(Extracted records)

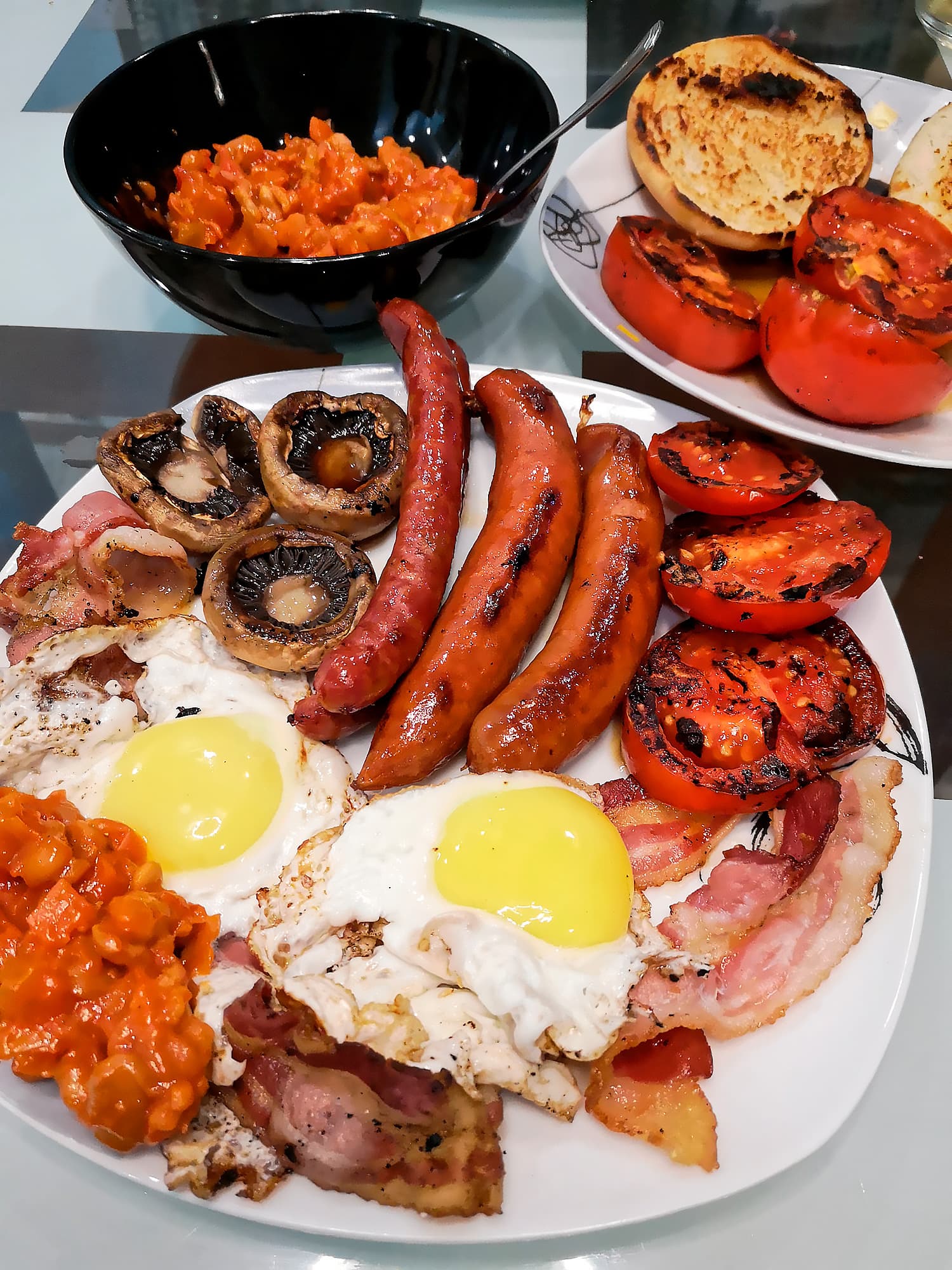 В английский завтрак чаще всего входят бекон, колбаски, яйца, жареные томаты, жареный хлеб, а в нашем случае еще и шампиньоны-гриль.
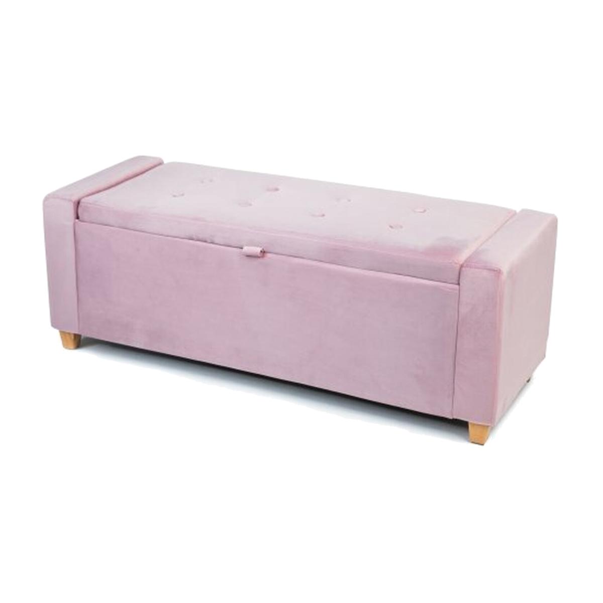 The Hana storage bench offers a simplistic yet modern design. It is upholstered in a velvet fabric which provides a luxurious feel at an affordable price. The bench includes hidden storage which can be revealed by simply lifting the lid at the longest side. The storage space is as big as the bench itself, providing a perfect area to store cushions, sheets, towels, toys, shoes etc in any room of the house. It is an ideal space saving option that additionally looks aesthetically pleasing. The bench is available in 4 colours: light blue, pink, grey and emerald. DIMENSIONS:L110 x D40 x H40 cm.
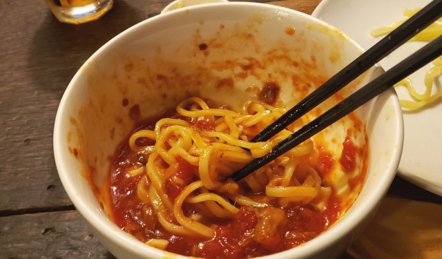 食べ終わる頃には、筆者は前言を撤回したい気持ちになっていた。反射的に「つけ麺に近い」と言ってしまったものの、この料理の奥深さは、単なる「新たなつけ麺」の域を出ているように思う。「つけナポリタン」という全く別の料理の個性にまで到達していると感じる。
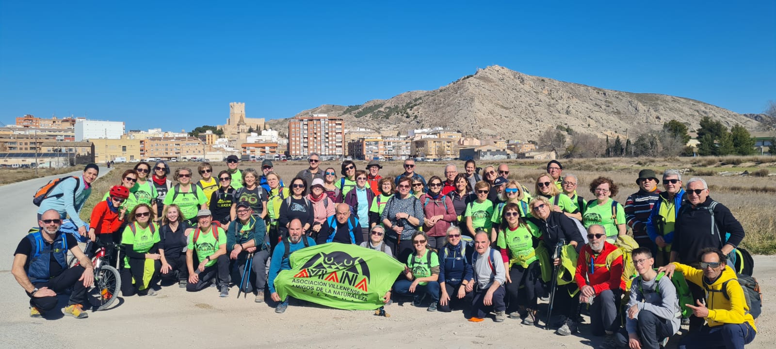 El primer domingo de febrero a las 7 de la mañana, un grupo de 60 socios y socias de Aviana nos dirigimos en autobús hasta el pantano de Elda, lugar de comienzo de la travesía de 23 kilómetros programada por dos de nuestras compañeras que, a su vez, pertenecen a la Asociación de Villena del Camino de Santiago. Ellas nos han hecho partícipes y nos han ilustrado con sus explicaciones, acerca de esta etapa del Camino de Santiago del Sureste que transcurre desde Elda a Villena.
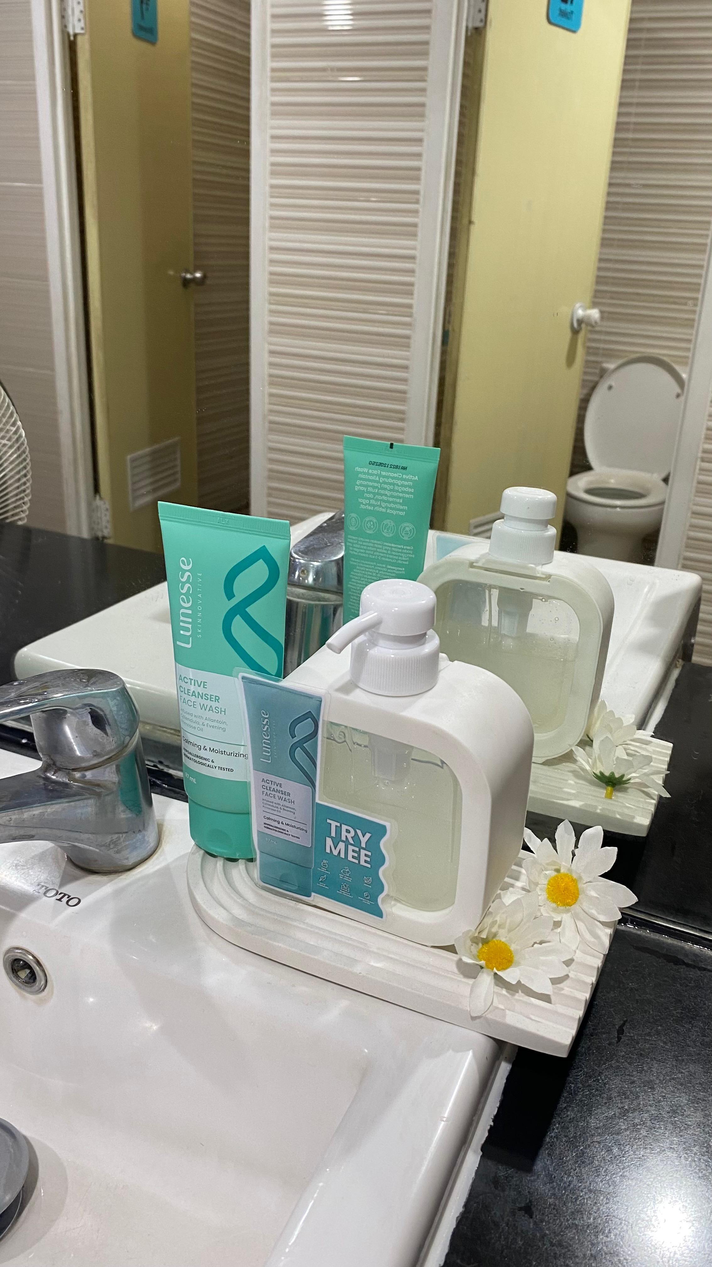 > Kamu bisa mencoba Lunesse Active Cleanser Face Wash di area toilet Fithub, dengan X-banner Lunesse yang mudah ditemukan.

● ABOUT THIS TASK
Return exactly, and only, the lines that run from the line containing "El primer domingo" to the last line of the entries above, both ends included, with pictures left out.

● TASK OUTPUT
 El primer domingo de febrero a las 7 de la mañana, un grupo de 60 socios y socias de Aviana nos dirigimos en autobús hasta el pantano de Elda, lugar de comienzo de la travesía de 23 kilómetros programada por dos de nuestras compañeras que, a su vez, pertenecen a la Asociación de Villena del Camino de Santiago. Ellas nos han hecho partícipes y nos han ilustrado con sus explicaciones, acerca de esta etapa del Camino de Santiago del Sureste que transcurre desde Elda a Villena.
 > Kamu bisa mencoba Lunesse Active Cleanser Face Wash di area toilet Fithub, dengan X-banner Lunesse yang mudah ditemukan.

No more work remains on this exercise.